Quetta, Dec 7 (IANS) The year 2025 showcased that Pakistan's Balochistan is not only in turmoil but is on a dangerous trajectory with political violence, state repression, and digital blackout, with the rising unrest there sparking fears that the province is becoming "the new Bangladesh", as per a report.
The region, like Bangladesh before 1971, faces political marginalisation, economic exploitation of its natural resources without benefit to the locals, militarisation of daily life, and efforts to eliminate its national and cultural identity, Greek journalist and writer Dimitra Staikou wrote in a report in Pressenza International Press Agency.
"The year 2025 made it clear that the province is not simply in turmoil; it is on a dangerous trajectory combining political violence, state repression, and an unprecedented digital blackout. The Baloch Liberation Army and other armed groups intensified their attacks, claiming more than 280 operations in the first half of the year alone. The March abduction of the Jaffar Express train -- an incident resembling a war zone more than an internal security lapse -- exposed the government’s inability to safeguard even its essential infrastructure. Bombings throughout the autumn of 2025 and the recent assault on the Frontier Corps base in Nokkundi confirmed that insurgent forces remain resilient, organised, and capable of striking at the region’s core," he wrote.
"The escalating unrest in Balochistan has raised global fears that the province is becoming 'the new Bangladesh.' Balochistan and Bangladesh share a troubling historical and political parallel: both have endured systematic state repression by Pakistan through similar tactics—violent crackdowns on protests, enforced disappearances, extrajudicial killings, and the use of paramilitary or religious extremist groups to discipline and control the population. Like Bangladesh before 1971, Balochistan faces political marginalisation, economic exploitation of its natural resources without benefit to the local population, militarisation of daily life, and efforts to erase its national and cultural identity," she added.
Intellectuals, activists and journalists have been targeted in both regions while religion has been used for social control and political repression. The shared pattern in both regions is a planned campaign to silence people demanding self-determination, with Bangladesh ultimately attaining freedom while Balochistan continues to bleed.
The Pakistani authorities' decision to suspend internet services in Balochistan has made the province a “black hole” of information, where human-rights abuses can take place without witnesses, without documentation, and without consequences, according to the report. At the same time, religious minorities in Balochistan - Christians, Hazara Shia, Hindus, Ahmadiyya, and smaller communities like Zikri - live in the province under continuous threat.
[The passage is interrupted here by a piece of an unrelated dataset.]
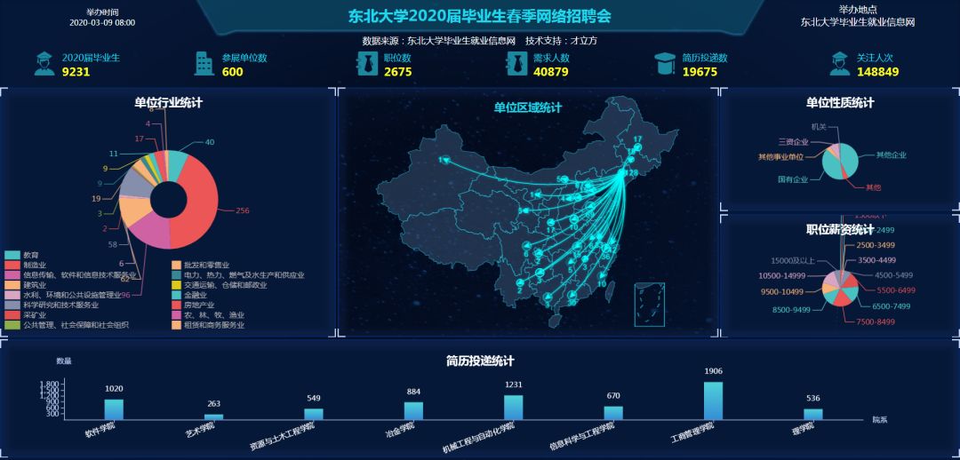 此次双选会,用人单位从参会报名、信息确认、发布招聘岗位到筛选学生简历,毕业生从查询岗位、投递简历到在线面试都实现了全程网络化。同时,依托就业信息网大数据平台,对毕业生求职应聘数据进行了实时呈现,展现了信息化系统在数据分析上的强大优势,为学校把握学生就业动态和对未就业学生精准帮扶提供了科学的参考依据。毕业生们迅速适应网络招聘节奏,提前浏览企业信息,悉心准备电子简历,统筹安排在线面试,简历投递总数达2.4万份,视频面试大厅累计完成在线面试4300余次。

Blasphemy laws are used for intimidation, resulting in arbitrary arrests or even mob lynchings.
"The Pakistani state represses minorities in Balochistan not out of mere prejudice, but because it views repression as a strategic necessity."
"First, it deeply fears secession: Balochistan has a strong national movement demanding self-determination, control of local resources, and the end of military presence—and a potential breakaway could encourage similar aspirations in other provinces, threatening Pakistan’s territorial cohesion. Second, the state employs religion as a mechanism of social control, empowering hardline Islamist groups, disproportionate blasphemy laws, and religious networks to homogenise ethnic identities under an Islamic umbrella and paint Baloch nationalism as 'anti-Islamic' or 'separatist.' Third, it seeks to maintain absolute control over the province’s vast natural wealth—gas, gold, copper, lithium—which fuels the national economy while the local population remains excluded and deprived of basic infrastructure," the Pressenza report said.